腐敗物質
putrefactive substances
Definition
大腸に流れ込んだ未消化のタンパク質を悪玉菌が分解してできる物質の総称。強いにおいの原因になるとされる。
この項目のポイント
- 腐敗物質は未消化のタンパク質を悪玉菌が分解してできる物質の総称
- インドールやスカトール、硫化水素、アンモニアなどが含まれる
- 便やおならのにおいがきつくなるサインとされる
腐敗物質とは
腐敗物質とは、大腸に流れ込んだ未消化のタンパク質を悪玉菌が分解してできる物質の総称です。ひとつの物質の名前ではなく、同じ成り立ちを持つ物質をまとめて呼ぶ言葉として使われます。
具体的には、インドール、スカトール、フェノール、パラクレゾール、硫化水素、アンモニアなどが含まれます。名前はさまざまですが、いずれも大腸でタンパク質が分解された結果として生まれるという点が共通しています。
においというサイン
腐敗物質は強いにおいの原因になるとされています。便やおならのにおいがきつくなるのは、腸内で腐敗物質が増えているサインだと語られます。
飼い主が家庭で腸内の状態を直接測ることはできませんが、においや便の様子は日々受け取れる数少ない手がかりです。便チェックの習慣とあわせて、いつもと違う変化に気づける状態にしておくことが役立つとされています。においは食事の内容によっても変わるため、一度きりの変化で判断せず、続いているかどうかを見ることが目安になります。
体をめぐる物質として
腐敗物質は腸の中にとどまるだけでなく、吸収されて全身をめぐるとされています。そのため、皮膚との関わりを語る腸皮膚相関や、腎臓との関わりを語る腸腎連関の説明にも登場します。
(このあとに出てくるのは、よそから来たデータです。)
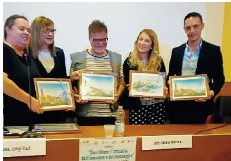
Un momento del convegno

tutto il territorio; una politica di eventi integrata tra tutte le città ed una che riguardi anche lo sviluppo della risorsa mare che bacia tutti i Comuni della "Città del Golfo", con un piano regolatore di sviluppo del waterfront condiviso stabilendo priorità in base alle peculiarità». «Abbiamo tanto da lavorare - ha concluso entusiasta di aver avuto la possibilità di lanciare il suo appello ai candidati - per questo vi aspetto a braccia aperte per cominciare a lavorare insieme». Il tutto sognando di divenire, nell'ottica comprensoriale del Golfo, competitivi a livello nazionale ed internazionale. D'altronde il patrimonio paesaggistico, storico, culturale e tutte le risorse dei luoghi del Golfo di Gaeta hanno le carte in regola per poter vincere, insieme, la sfida. ●A.D.F.
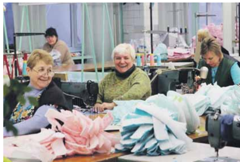
Delegācijas pārstāvji apmeklēja lina apstrādes un ražošanas rūpnīcu

No Silvestra Savicka un Pētera Pikšes iesniegtās informācijas un fotogrāfijām materiālu sagatavoja Uva Bērziņa.
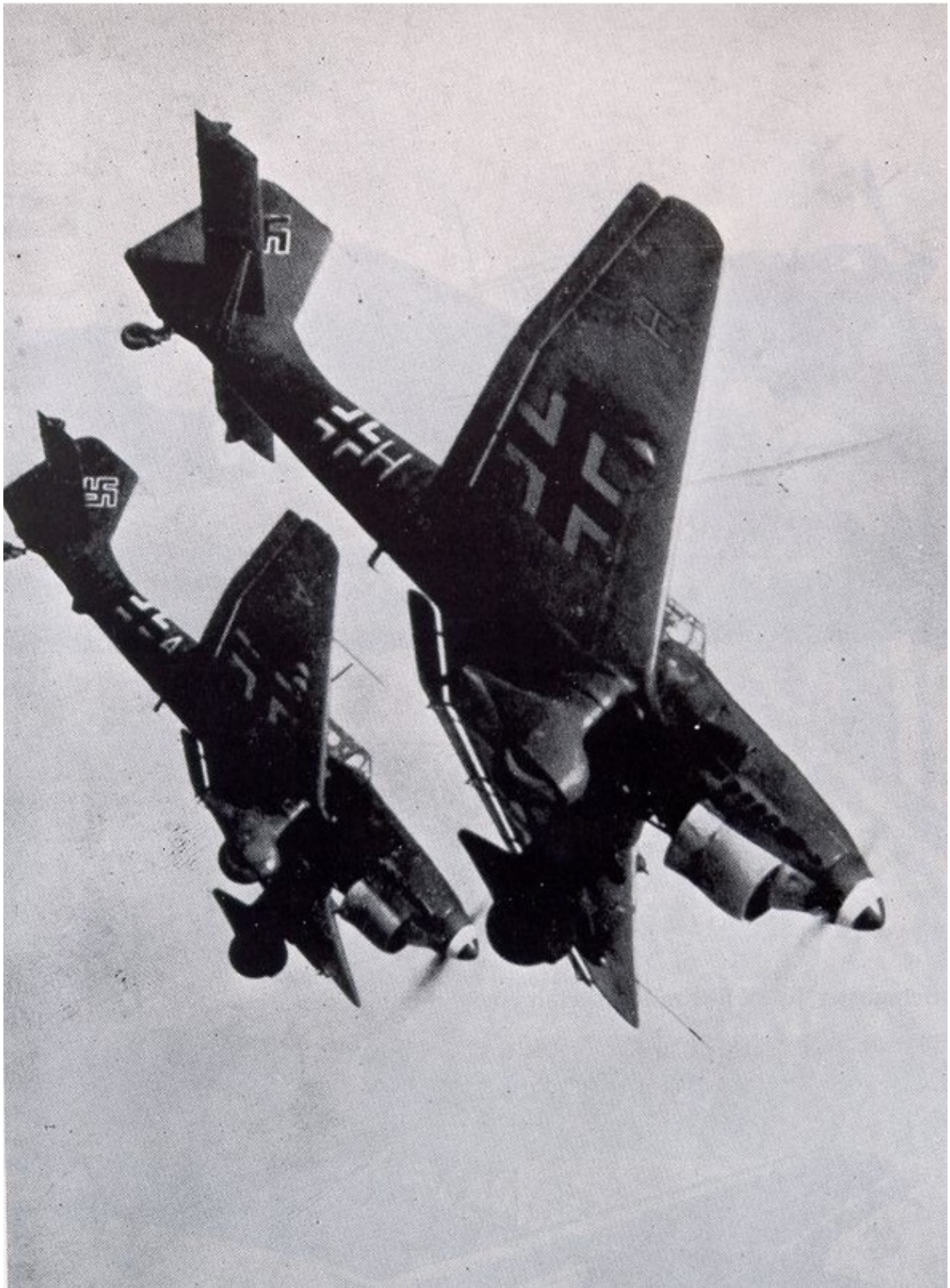
Атакуют пикировщики Ю-87

Но и его «мессеры», расчистив небо от уцелевших после первого удара истребителей противника, приняли активное участие в штурмовках наземных войск. Через месяц с небольшим Франция была повержена, англичане эвакуировали морем свои экспедиционные силы из Дюнкерка, Бельгия капитулировала.
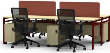
Produit de référence
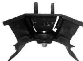
Código: 70210 Modelo: RANGER 4X4 2012.. Nº Original: AB39-7E373-KD Soporte de caja de velocidades
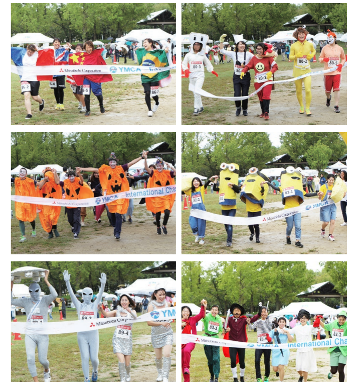
仲里ボクシングジムの皆さんが たすきリレー連覇達成! ワイドさかい(堺YMCAリーダーOB)チームが コスチューム賞を前大会に続き受賞!

なかでもインドールは、肝臓で加工されて尿毒素と呼ばれる物質になるとされ、腸と腎臓をつなぐ話題の中心になっています。腸の中だけの問題として閉じないという点が、この総称を知っておく意味だと言えます。
生まれる背景を知る
腐敗物質が生まれる現象はタンパク質の腐敗発酵と呼ばれます。ポイントは、タンパク質そのものが悪いのではなく、消化しきれずに大腸まで届いた分が材料になるという点です。よく噛んで食べること、食物繊維を組み合わせることが対策として語られるのはこのためです。
腐敗物質はゼロにするものではなく、増えすぎない状態を保つという考え方で語られます。フードを大きく変えるより先に、与え方や食事のリズムを見直すところから始めるのが現実的とされています。
本項目は一般的な知識の紹介であり、獣医学的な診断・治療を目的とするものではありません。愛犬・愛猫の体調に不安があるときは、動物病院・獣医師にご相談ください。
FAQよくある質問
うんちやおならが臭いのは腐敗物質のせいですか?
強いにおいの原因になるとされており、腸内で腐敗物質が増えているサインと語られます。ただし食事内容によっても変わるため、急な変化や下痢を伴うときは動物病院で相談してください。
腐敗物質を減らすにはどうすればいいですか?
大腸に届く未消化のタンパク質を減らす食べ方や、食物繊維を組み合わせる工夫が話題になります。食事の変更は少量ずつ、獣医師に相談しながら進めると安心です。